İmar plânı yapım ve uygulama yetkisi;
– Büyükşehir olmayan illerde; belediye ve mücavir alan sınırları içinde belediyelerde; belediye ve mücavir alan sınırları dışında ise valilik il özel idaresindedir.
– Büyükşehir olan illerde ise; belediyelerdedir.
B – Parselasyonun Onayı ve İlân
İmar plânına göre yapılan parselasyon haritaları; Büyük şehir olmayan illerde, belediye ve mücavir alan içinde belediye encümeninin, dışında ise il özel idaresinin onayından sonra; Büyükşehir olan illerde ise belediye encümeninin onayından sonra; yürürlüğe girer… Bu plânlar bir ay müddetle ilgili idarede asılır. Ayrıca, mutat vasıtalarla duyurulur. Bu sürenin sonunda plânlar kesinleşir. (3194 sayılı İmar Kanunu md.19)
C – Bir Aylık İlân Resmen Tebliğ Hükmünde Değildir
Parselasyon plânları onaylandıktan sonra bir ay süre ile ilân edilir. Bundan amaç; ilgilileri bilgilendirmek, itirazı olanların dava açmalarına fırsat tanımaktır.
Ancak İdari Yargı, parselasyonu “düzenleyici işlem” değil, “bireysel işlem” kabul etmiş ve ilgililerine 7201 sayılı Tebligat Kanununa göre yazılı bilgi verilmediği sürece yapılacak bir aylık ilânı resmen tebliğ hükmünde görmemiştir.
Aşağıdaki örnek kararlarda da görüleceği üzere, DANIŞTAY; Anayasa’nın 125’inci maddesine dayandırdığı ve 2577 sayılı İdari Yargılama Usulü Kanununun (İYUK’un) 27’nci maddesindeki düzenleme ile desteklediği kararlarında; idari işlemlere karşı açılacak davalarda sürenin, 7201 sayılı Tebligat Kanununa göre yapılacak yazılı bildirim tarihinden başlayacağına hükmetmiştir.
7201 sayılı Tebligat Kanunu hükümlerine göre bir tebligat varsa, bu 60 günlük sürenin başlangıç tarihinde bir tereddüt yaşanmayacaktır… Hangi işlemlerin resmen tebliğ hükmünde sayılmayacağını DANIŞTAY kararlarıyla örneklendirmek gerekirse;
=► Özet: “Parselasyon plânlarına karşı açılan davalarda, dava açma süresinin Anayasa’nın 125’inci maddesine göre yazılı bildirim tarihinden itibaren başlar.” (6.Dairenin 29.11.1988 tarih, E.1988/1456, K.1988/1497 sayılı kararı)
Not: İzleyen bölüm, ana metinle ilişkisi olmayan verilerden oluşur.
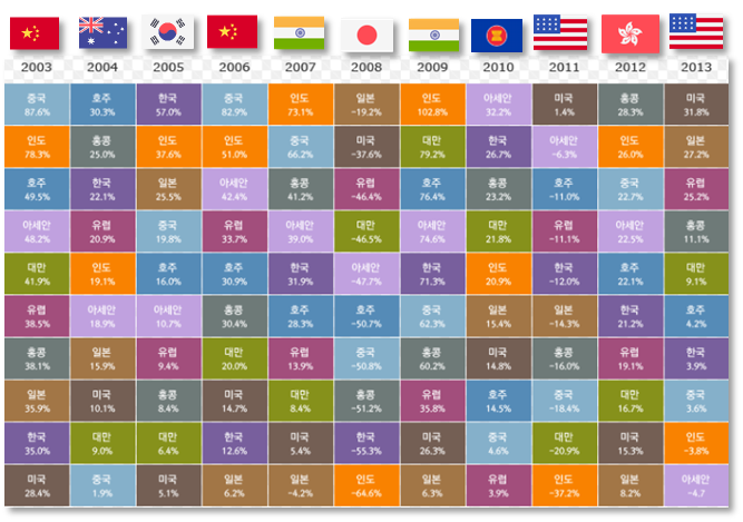 이러한데 강대국이나 신흥국들은 더 하락장에서의

=► Özet: “İmar Kanununa göre parselasyon plânlarında ve dağıtım cetvellerinin şuyula ilgili parsel sahiplerine ayrı ayrı ve bizzat tebliğ edilmesi ve dava süresinin bu tebliğ tarihine göre tespit edilmesi gerekir.” (6.Dairenin 09.10.1991 tarih, E.1991/288, K.1991/1975 sayılı kararı)
=► Özet: “Parselasyon işleminin, taşınmaz sahibine, 7201 sayılı Tebligat Kanunu hükümlerine göre bizzat tebliğ edilmesi gerekir.” (6.Dairenin 26.10.1994 tarih, E.1994/2344, K.1994/3829 sayılı kararı).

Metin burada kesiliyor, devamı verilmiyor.